- Autographed portrait of George Willoughby, dated 1904.
- Born: George Willoughby Dowse c. 1869 Southsea, Hampshire, England
- Died: 23 December 1951 (aged 82) Lane Cove, New South Wales, Australia
- Occupation(s): actor; theatre manager
- Spouse(s): (1) Alice Mary Jackson (2) Rosina Kenna
- Parent: Henry James Dowse & Rosa (née Stevens)

= George Willoughby (theatre entrepreneur) =

English comic actor and theatre manager

George Willoughby Dowse (c. 1869 – 23 December 1951), professionally known as "George Willoughby", was an English comic actor and theatre manager who had a substantial career in Australia.

==History==
George Willoughby Dowse was born in around 1869 at Southsea, Hampshire, England, the son of Henry James Dowse and Rosa (née Stevens). He may have been educated at Christ's Hospital.

George Willoughby was a member of the Charles Arnold theatrical company when he married actress Alice Jackson who adopted the professional name Ada Willoughby. He later, and with her consent, toured South Africa but while there received a postcard informing him that she no longer wanted to live with him. He later came in contact with her in Melbourne, when she was living with another man and he sued her for divorce.

===Willoughby–Geach Company===
Late in 1901 Willoughby and Edwin Geach formed a company (took over from Charles Arnold Company?) which toured Australia with a string of George Howells Broadhurst comedies: The Wrong Mr. Wright, Why Smith Left Home and What Happened To Jones Tragedy struck when two actresses, Sallie Booth and Ada Lee, died of bubonic plague on 27 and 28 February 1902 while staying at the Criterion Hotel, Pitt Street, Sydney.
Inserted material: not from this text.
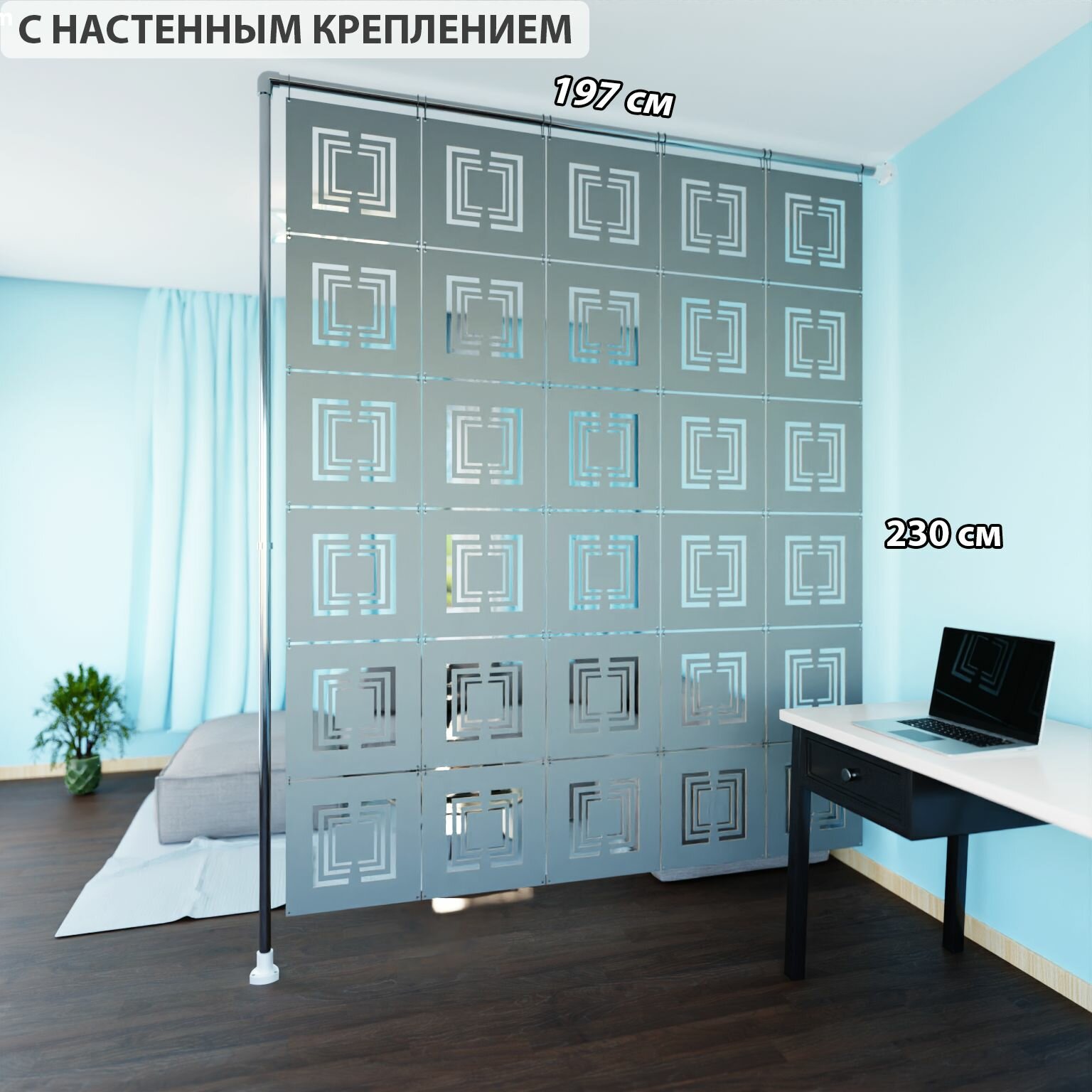Купить Ширма перегородка для зонирования 230*197 Крепление на стену с доставкой по всей России.

In 1902 George, together with Thomas William Broadhurst and George Howells Broadhurst, who owned the rights to the play The Wrong Mr. Wright sought to prevent Henry Bloomfield, director of the Ada Willoughby Company, from playing a version of this play. The suit failed on the grounds that Willoughby had failed to prove that Charles Arnold was able to assign his rights to the play. This was around the same time as George had applied for a divorce from his wife, whose stage name was Ada Willoughby.
In 1903 he successfully sought an injunction to prevent Robert Henry Nichols, of the Henry Dramatic Company, from playing a farce (adapted from Jane) with an almost identical title.

By 1904 Willoughby and Geach had taken over Sydney's Palace Theatre, with Adam Cowan (died 20 September 1908), Geach's trusted friend, as manager. Sidney Wilner and Walter Vincent's Stranger in a Strange Land was added to their repertoire in 1904, at the end of which year the company disbanded. Stars of the Willoughby – Geach company included Roxy Barton, Ethel Appleton, Hardinge Maltby, Tom Cannam, Frank Denton, George Leopold, Grace Gale and Miss Roland Watts Phillips.

===Willoughby–Ward Company===
He next formed an actor-management partnership with Hugh Joseph Ward and toured Australia and New Zealand with the ever-popular Broadhurst farces and "The Man from Mexico" (by Henry A. Du Souchet), the play in which Willie Collier, under the JC Williamson's banner and with the young John Barrymore in the cast, had failed.

===George Marlow Limited===
In 1912 George was appointed managing director of George Marlow Limited, owners of the Princess's Theatre, Melbourne, and lessees of the Adelphi, Sydney and King's Theatre, Fremantle but with George Thomas Eaton, and Arthur Bernard Davies sought an injunction to prevent George Marlow (born Joseph Marks) from interfering with the operation of the company.

In October 1913 Willoughby, Davies and Eaton bought out George Marlow's stake in the Adelphi and Princess theatres. But the war intervened and box office prices had to be reduced. In 1915 Willoughby and Co. were forced to sell their holdings back to Barlow and his backers, the Fuller brothers.

==Film career==
He also made a number of feature films.

===Film credits===
- The Joan of Arc of Loos (1916) – film
- The Woman in the Case (1916) – film

==Family==
George was a brother of Colonel Richard Dowse, D.S.O.

George married twice: (1) Alice Mary Jackson (professional name Ada Willoughby) in April 1894. He divorced her in 1903, citing Reginald L. Sheldrick as co-respondent. (These two married and set up an Australia-themed restaurant in New York). (2) Rosina Kenna of Orange, New South Wales on 30 April 1906. They had one son:
- Henry Esmonde Willoughby "Pat" Dowse (7 August 1907 – ) married Sheila Dorothea Rule in 1940. He practised as a solicitor.

Their home in 1907 was "Carisbrook", Potts Point, Double Bay in 1940, and Northwood Road, Lane Cove in 1951.